══ Available records ══

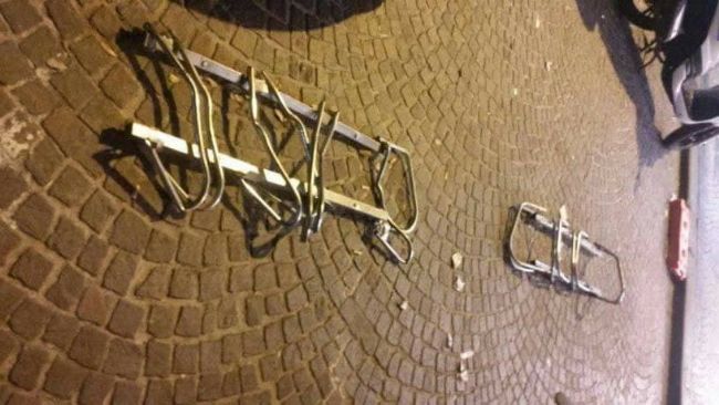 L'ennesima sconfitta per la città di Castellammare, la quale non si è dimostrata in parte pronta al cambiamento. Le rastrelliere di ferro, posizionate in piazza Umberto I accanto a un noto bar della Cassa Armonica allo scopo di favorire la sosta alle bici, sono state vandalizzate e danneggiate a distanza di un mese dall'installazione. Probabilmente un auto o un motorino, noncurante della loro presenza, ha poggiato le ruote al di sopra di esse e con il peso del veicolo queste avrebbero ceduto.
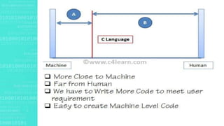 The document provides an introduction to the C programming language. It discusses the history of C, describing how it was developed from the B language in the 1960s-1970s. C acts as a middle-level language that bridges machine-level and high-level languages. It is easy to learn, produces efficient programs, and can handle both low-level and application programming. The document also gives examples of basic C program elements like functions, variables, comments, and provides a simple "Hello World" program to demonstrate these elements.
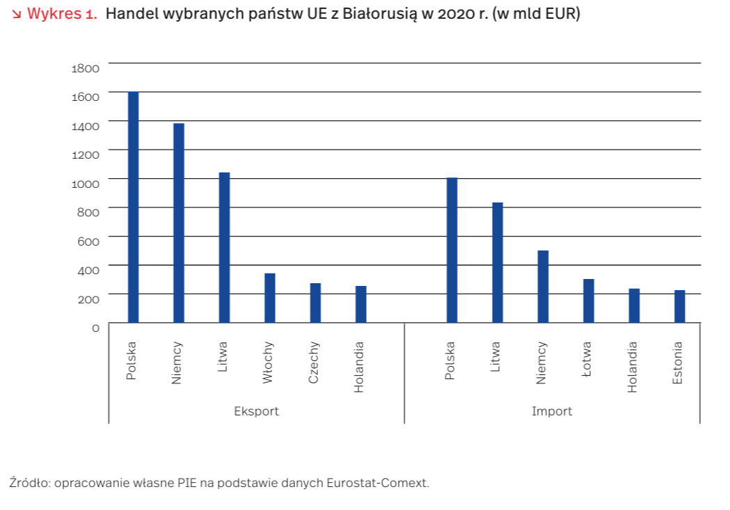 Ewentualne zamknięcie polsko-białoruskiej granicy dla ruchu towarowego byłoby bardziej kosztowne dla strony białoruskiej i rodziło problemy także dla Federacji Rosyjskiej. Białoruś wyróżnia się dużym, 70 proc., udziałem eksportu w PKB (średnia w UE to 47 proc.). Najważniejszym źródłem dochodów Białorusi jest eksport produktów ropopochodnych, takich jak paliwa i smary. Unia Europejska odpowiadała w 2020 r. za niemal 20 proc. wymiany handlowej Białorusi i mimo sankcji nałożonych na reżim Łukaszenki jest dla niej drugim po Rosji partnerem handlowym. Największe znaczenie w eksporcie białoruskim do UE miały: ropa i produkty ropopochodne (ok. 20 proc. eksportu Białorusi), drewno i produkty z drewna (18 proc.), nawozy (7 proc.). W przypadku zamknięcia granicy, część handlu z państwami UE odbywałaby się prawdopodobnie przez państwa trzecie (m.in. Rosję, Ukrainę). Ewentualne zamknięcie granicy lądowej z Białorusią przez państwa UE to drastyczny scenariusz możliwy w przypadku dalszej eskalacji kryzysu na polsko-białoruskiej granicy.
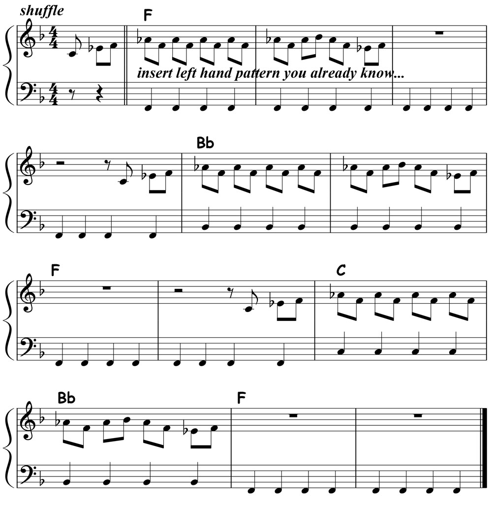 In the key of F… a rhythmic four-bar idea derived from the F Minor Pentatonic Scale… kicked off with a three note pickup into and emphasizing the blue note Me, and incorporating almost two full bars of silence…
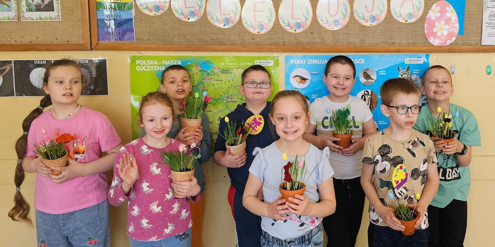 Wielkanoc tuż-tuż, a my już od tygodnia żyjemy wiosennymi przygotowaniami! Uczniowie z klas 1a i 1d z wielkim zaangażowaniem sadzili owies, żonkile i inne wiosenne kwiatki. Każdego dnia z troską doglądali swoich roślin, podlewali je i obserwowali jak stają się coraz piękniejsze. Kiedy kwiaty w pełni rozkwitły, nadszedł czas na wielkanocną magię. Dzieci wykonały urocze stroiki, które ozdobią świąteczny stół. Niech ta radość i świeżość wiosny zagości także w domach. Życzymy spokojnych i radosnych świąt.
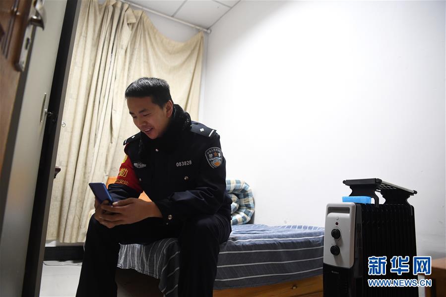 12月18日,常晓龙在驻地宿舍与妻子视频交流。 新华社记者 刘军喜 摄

═══

Goal of the exercise:
Nothing but the lines from the first line of the records above to the line with "The document provides", inclusive, should be transcribed exactly, and the pictures must be left out.

Solution:
 L'ennesima sconfitta per la città di Castellammare, la quale non si è dimostrata in parte pronta al cambiamento. Le rastrelliere di ferro, posizionate in piazza Umberto I accanto a un noto bar della Cassa Armonica allo scopo di favorire la sosta alle bici, sono state vandalizzate e danneggiate a distanza di un mese dall'installazione. Probabilmente un auto o un motorino, noncurante della loro presenza, ha poggiato le ruote al di sopra di esse e con il peso del veicolo queste avrebbero ceduto.
 The document provides an introduction to the C programming language. It discusses the history of C, describing how it was developed from the B language in the 1960s-1970s. C acts as a middle-level language that bridges machine-level and high-level languages. It is easy to learn, produces efficient programs, and can handle both low-level and application programming. The document also gives examples of basic C program elements like functions, variables, comments, and provides a simple "Hello World" program to demonstrate these elements.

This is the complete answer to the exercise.